_Task prompt_.
For this exercise, retype the lines from the one that holds "Christian Graphic Sweatshirt" through the one that holds "パイロット姿のグーフィーがく" in the records below, both included, exactly and without pictures.

_Source data_.

========================================================================

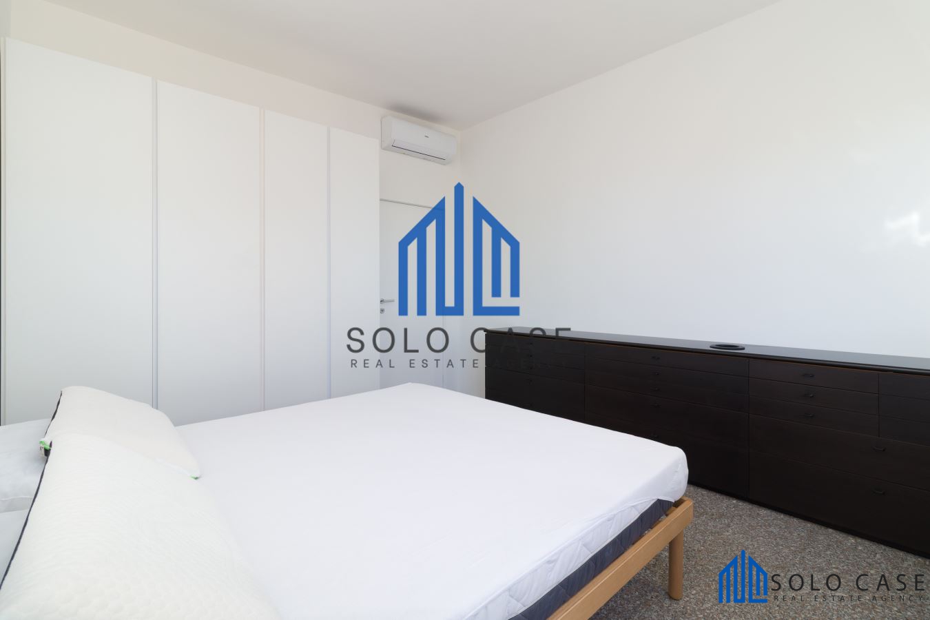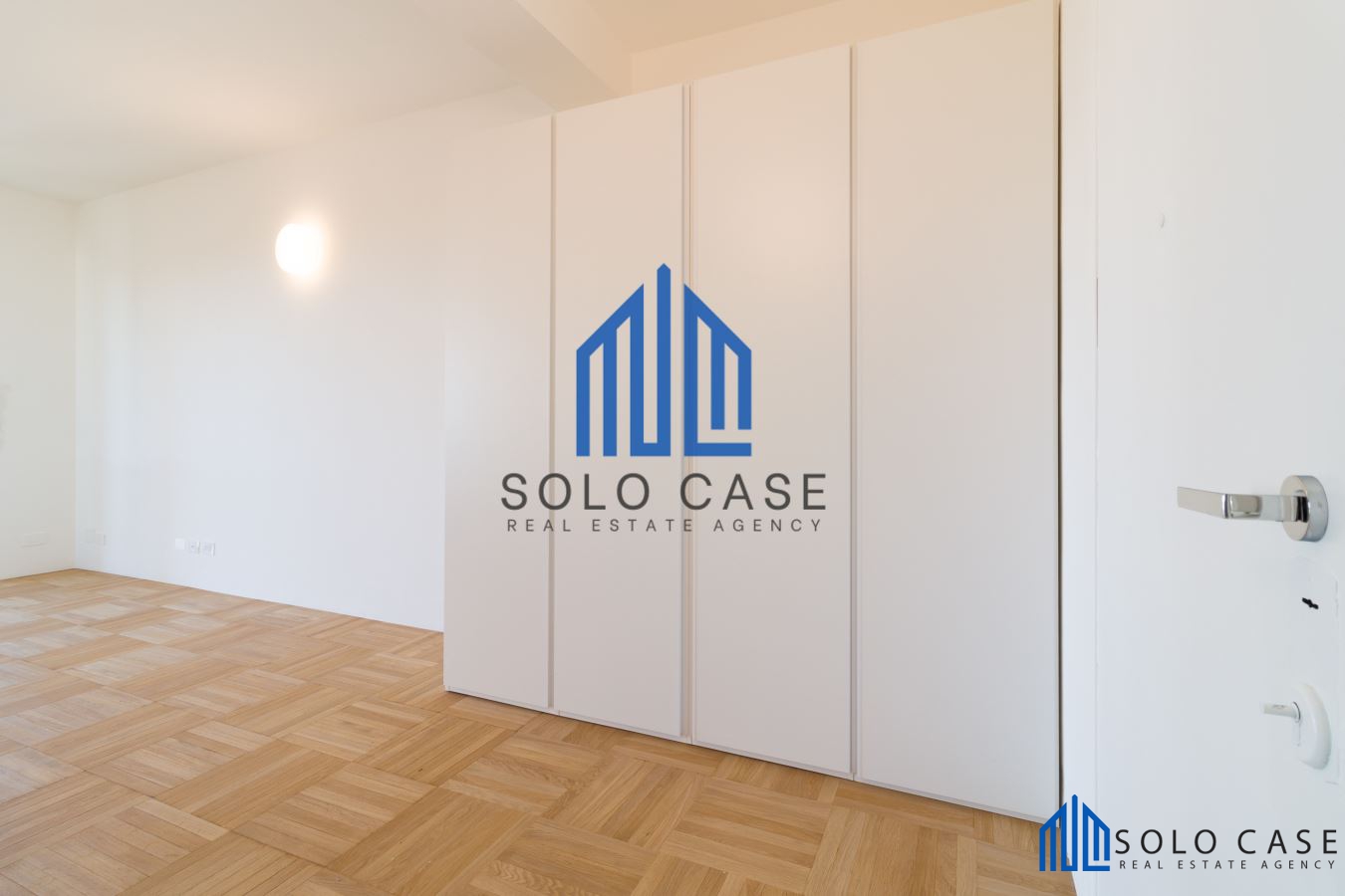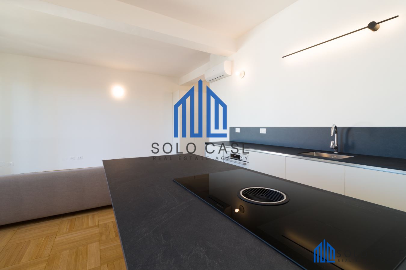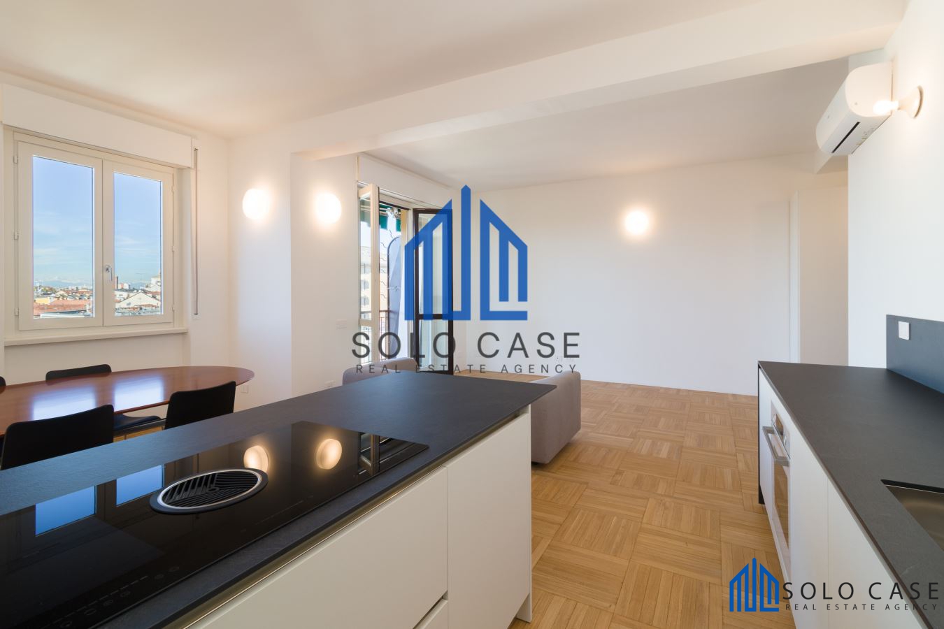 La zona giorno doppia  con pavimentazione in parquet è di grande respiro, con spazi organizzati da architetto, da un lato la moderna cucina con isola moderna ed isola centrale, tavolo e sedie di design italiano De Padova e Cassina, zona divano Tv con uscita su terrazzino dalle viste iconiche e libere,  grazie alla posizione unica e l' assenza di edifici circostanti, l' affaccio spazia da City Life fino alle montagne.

========================================================================

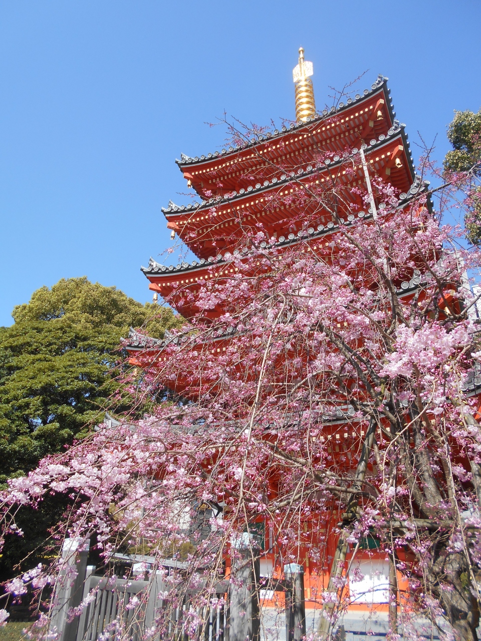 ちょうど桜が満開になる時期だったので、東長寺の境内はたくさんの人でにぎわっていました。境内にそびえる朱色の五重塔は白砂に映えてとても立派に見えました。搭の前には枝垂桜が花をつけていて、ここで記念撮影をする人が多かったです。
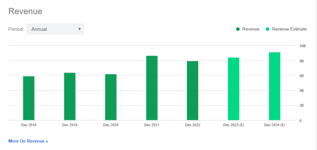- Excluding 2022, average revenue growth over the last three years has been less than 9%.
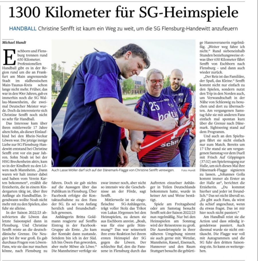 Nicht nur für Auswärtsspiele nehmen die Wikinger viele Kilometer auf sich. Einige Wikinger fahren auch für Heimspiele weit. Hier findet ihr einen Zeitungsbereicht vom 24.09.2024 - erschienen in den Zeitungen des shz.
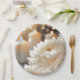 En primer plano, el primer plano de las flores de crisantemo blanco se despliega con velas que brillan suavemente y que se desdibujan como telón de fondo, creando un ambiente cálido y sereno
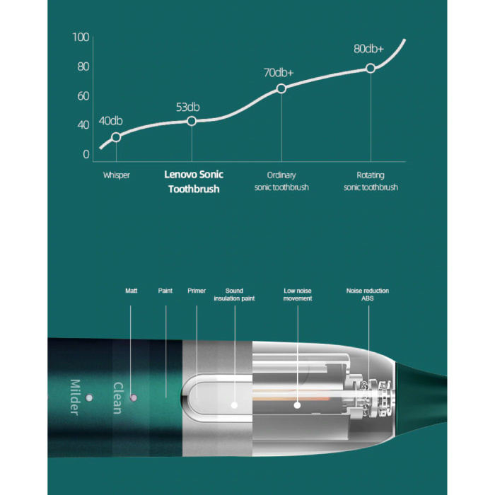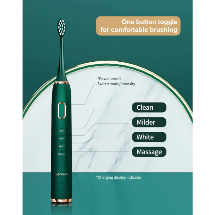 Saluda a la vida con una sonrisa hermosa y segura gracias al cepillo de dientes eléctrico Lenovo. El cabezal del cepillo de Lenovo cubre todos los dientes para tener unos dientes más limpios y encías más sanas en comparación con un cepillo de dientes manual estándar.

========================================================================

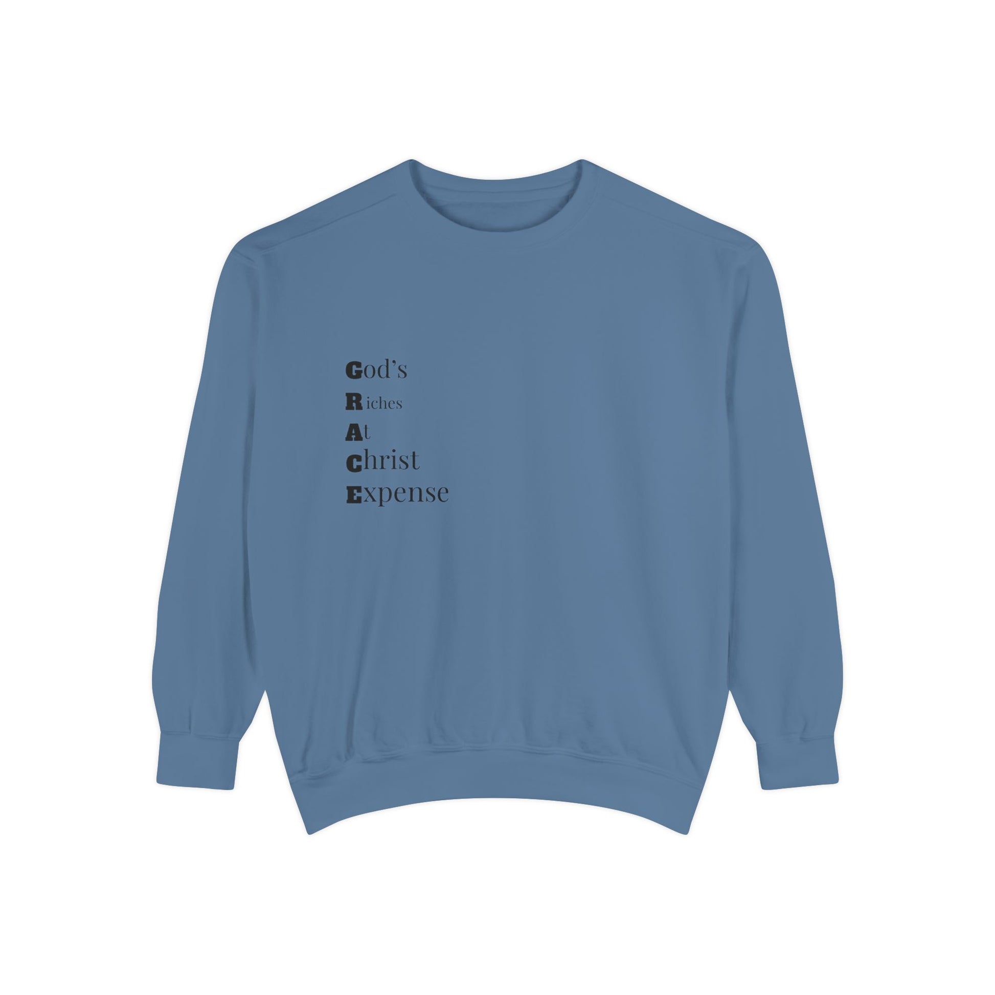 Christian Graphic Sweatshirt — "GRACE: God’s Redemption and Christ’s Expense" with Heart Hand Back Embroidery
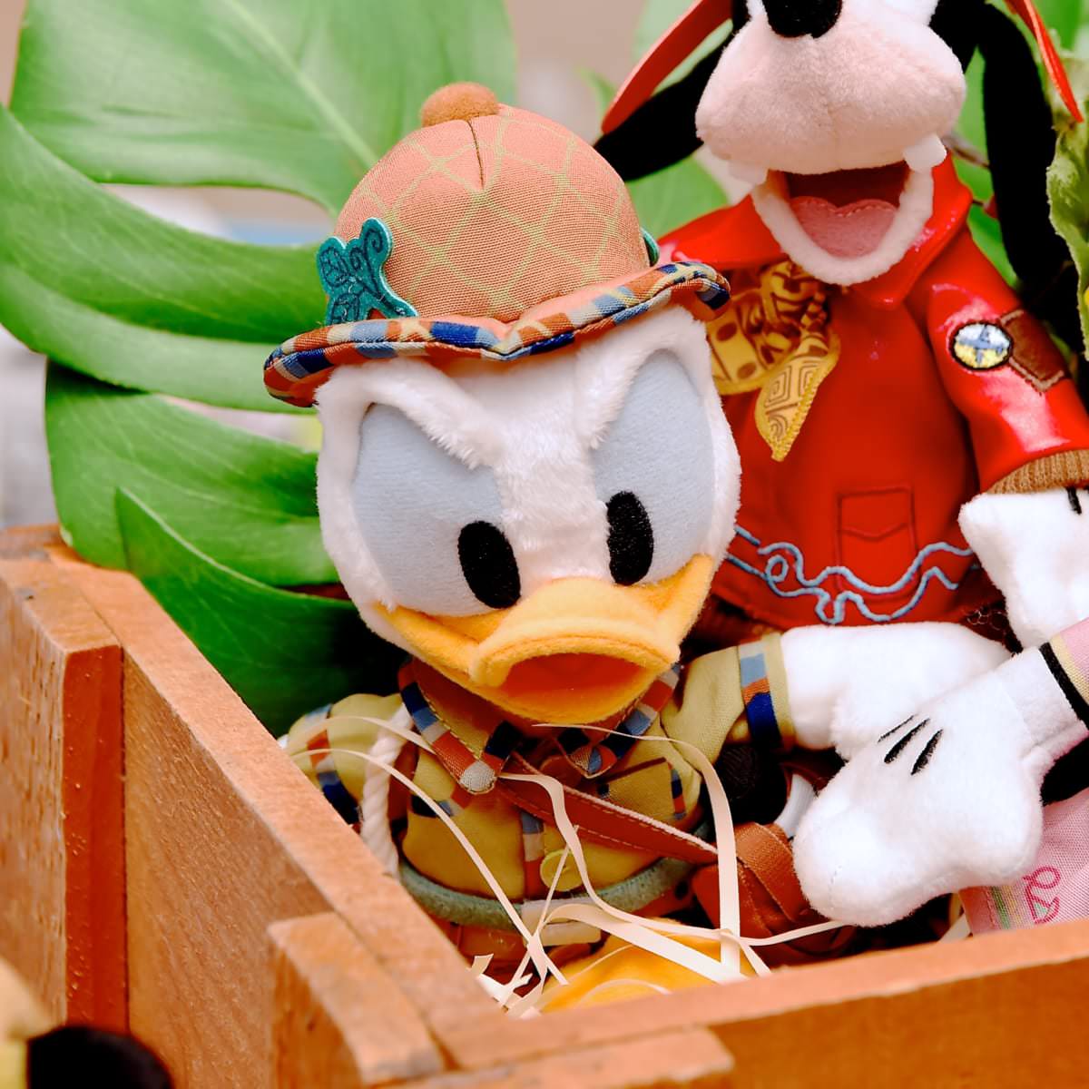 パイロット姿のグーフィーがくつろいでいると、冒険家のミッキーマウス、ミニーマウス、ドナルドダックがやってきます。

========================================================================

_Answer_.
 Christian Graphic Sweatshirt — "GRACE: God’s Redemption and Christ’s Expense" with Heart Hand Back Embroidery
 パイロット姿のグーフィーがくつろいでいると、冒険家のミッキーマウス、ミニーマウス、ドナルドダックがやってきます。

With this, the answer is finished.